You might say, “Well those economic forces are around everywhere, that’s not a good enough reason to start an economic bubble with tulips!” Wow, how did you know that? Well, you are right. During the 17th Century, the Dutch Golden age was in full force and the Dutch had a booming middle class called the “Burgher”. Their main goal was to outshine each other through the consumption of goods. They did this because there was not a strict social class to automatically prove their worth within society. Therefore, to comfort all their insecurities they had to prove their worth through spending on goods (sound familiar?). When that consumption driven middle class found those unique tulips their trading hands started to tingle. They were ready to gamble for the chance at making a fortune and outshining each other with their glamorous diseased flowers. They started trading tulips as much as they could and anywhere they could. Their price was continually rising from 1634-1637. The price increased so much between that time period that by 1637 tulips could be more expensive than the most expensive houses in Amsterdam.
How could anyone think a tulip was worth that much? The answer; they probably never thought a tulip was worth more than a house. They just thought they could sell their tulips to the next sucker who would be foolish enough to buy it from them. It is similar to riding the momentum of the stock market. The goal is to follow the herd until the momentum stops and then sell your position at a peak price to the unsuspecting person who is too late to the party. Of course, the mania did not last; if it did tulips would probably be valued at a higher price than everything else in the world combined. People started to take their profits and the consumer demand for tulips began to fall, which eventually led to sellers looking for any buyers to take the tulips off their hands, no matter how large the loss. Suddenly, the first recorded economic bubble came and went, unfortunately, society has not learned much since.
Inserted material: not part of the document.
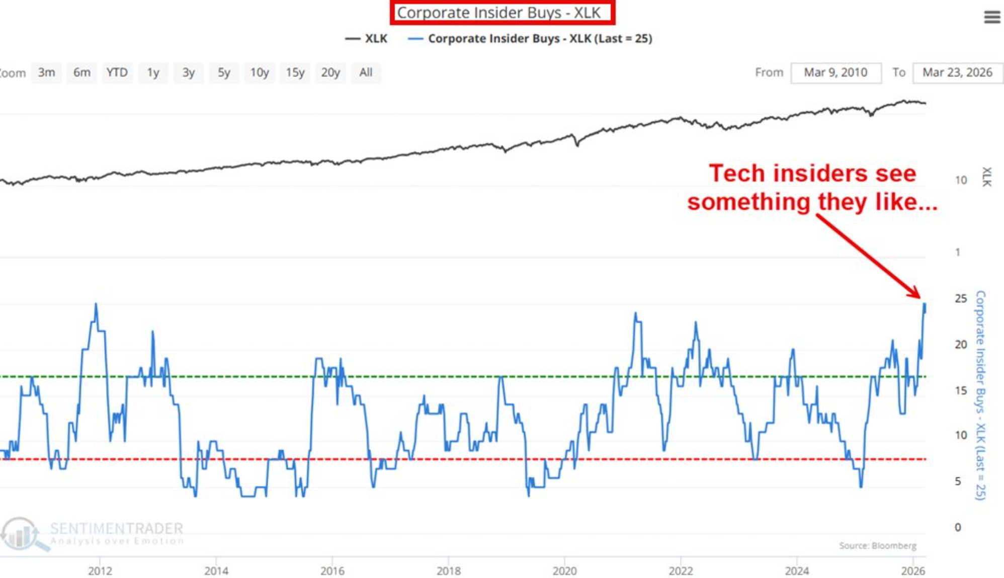 Medan marknadens aktörer i stort minskar sina tidigare höga allokeringar mot amerikanska Tech och AI-bolag väljer insiders i techbolagen att trycka stort på köpknappen. Varför skulle de köpa med båda händerna om de ser att AI är ett tema som är på väg att svalna?

If you were a teenager before 2008 you should definitely know what a bubble is. You should also know the kind of aftermath that a bubble leaves when it bursts – they are serious. People lose their jobs, families, and even their lives because of bubbles and crashes. A bubble can be a threat to any investor’s portfolio and it can cause ripples throughout the entire world. It is important to do your research before investing your money into anything. Whether it is the stock market, real estate market, or even education, the best way to protect yourself against a bubble is to have self-control. Do not become greedy if you do not think that an asset is worth your money. Just because everyone else is buying and selling does not mean it is your time to do the same. When the bubble bursts you will be there to pick up the cheap assets and laugh all the way to the bank, and guess what? You will deserve that payday because you were able to resist the temptations of the crowd. Being independent in thought is always a benefit when it comes to investing. Two-thirds of America is financially illiterate, do you really want to follow the crowd?